You can use auto-round (part of INC) to generate INT4 WOQ model with following steps.

  • Environment installation:

pip install git+https://github.com/intel/auto-round.git@e24b9074af6cdb099e31c92eb81b7f5e9a4a244e
git clone https://github.com/intel/auto-round.git
git checkout e24b9074af6cdb099e31c92eb81b7f5e9a4a244e
cd auto-round/examples/language-modeling
  • Command (quantize):

python3 main.py --model_name  $model_name --device cpu --sym --nsamples 512 --iters 1000 --group_size 32 --deployment_device cpu --disable_eval --output_dir <INT4_MODEL_SAVE_PATH>
  • Command (benchmark):

cd <LLM_DIR>
IPEX_WOQ_GEMM_LOOP_SCHEME=ACB OMP_NUM_THREADS=<physical cores num> numactl -m <node N> -C <physical cores list>  python run.py  --benchmark -m <LLAMA3_MODEL_ID_OR_LOCAL_PATH> --ipex-weight-only-quantization --weight-dtype INT4 --quant-with-amp --output-dir "saved_results"  --greedy --input-tokens <INPUT_LENGTH> --cache-weight-for-large-batch --low-precision-checkpoint <INT4_MODEL_SAVE_PATH>

2.1.2.4 Notes:

(1) numactl is used to specify memory and cores of your hardware to get better performance. <node N> specifies the numa node id (e.g., 0 to use the memory from the first numa node). <physical cores list> specifies phsysical cores which you are using from the <node N> numa node. You can use lscpu command in Linux to check the numa node information.

(2) For all quantization benchmarks, both quantization and inference stages will be triggered by default.

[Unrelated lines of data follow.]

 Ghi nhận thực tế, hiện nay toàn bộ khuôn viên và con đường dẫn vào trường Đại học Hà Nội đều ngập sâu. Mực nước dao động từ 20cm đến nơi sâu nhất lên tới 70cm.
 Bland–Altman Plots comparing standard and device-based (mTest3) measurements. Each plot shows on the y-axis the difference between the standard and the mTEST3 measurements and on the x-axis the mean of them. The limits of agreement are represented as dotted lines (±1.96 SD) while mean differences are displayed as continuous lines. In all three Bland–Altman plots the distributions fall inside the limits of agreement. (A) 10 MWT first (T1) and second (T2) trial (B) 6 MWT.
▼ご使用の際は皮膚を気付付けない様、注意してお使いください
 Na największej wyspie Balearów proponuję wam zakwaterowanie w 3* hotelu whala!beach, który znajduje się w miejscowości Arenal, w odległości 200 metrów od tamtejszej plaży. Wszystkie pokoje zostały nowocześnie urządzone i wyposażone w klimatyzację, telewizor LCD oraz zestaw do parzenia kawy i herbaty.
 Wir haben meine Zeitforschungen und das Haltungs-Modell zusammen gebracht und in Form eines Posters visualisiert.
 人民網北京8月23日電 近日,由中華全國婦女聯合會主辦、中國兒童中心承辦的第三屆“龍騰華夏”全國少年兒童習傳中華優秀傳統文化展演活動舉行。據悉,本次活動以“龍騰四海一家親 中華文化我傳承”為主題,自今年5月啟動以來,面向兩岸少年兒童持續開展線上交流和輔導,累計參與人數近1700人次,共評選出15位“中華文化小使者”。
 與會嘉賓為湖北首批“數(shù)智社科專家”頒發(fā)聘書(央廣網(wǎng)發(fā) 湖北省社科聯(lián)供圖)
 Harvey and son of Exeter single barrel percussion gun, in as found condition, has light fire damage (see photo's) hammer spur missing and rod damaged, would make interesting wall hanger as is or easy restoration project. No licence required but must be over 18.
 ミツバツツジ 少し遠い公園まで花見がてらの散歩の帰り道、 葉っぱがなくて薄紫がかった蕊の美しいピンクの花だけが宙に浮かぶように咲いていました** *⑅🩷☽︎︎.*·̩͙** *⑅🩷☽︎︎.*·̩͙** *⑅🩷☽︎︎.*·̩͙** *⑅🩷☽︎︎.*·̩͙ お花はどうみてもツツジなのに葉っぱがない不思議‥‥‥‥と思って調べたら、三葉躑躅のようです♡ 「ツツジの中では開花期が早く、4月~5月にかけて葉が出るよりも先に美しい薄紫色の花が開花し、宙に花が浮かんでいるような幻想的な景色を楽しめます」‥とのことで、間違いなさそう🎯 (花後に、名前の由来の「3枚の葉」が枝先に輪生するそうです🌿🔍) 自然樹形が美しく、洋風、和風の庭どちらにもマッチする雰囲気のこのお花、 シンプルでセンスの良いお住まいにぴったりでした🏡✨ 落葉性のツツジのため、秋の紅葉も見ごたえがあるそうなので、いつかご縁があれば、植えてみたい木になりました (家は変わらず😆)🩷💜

For quantization stage, it will auto-generate the quantized model named “best_model.pt” in the “–output-dir” path, and for inference stage, it will launch the inference with the quantized model “best_model.pt”. For inference-only benchmarks (avoid the repeating quantization stage), you can also reuse these quantized models for by adding “–quantized-model-path <output_dir + “best_model.pt”>” .

Miscellaneous Tips

Intel® Extension for PyTorch* also provides dedicated optimization for many other Large Language Models (LLM), which cover a set of data types that are supported for various scenarios. For more details, please check this Intel® Extension for PyTorch* doc.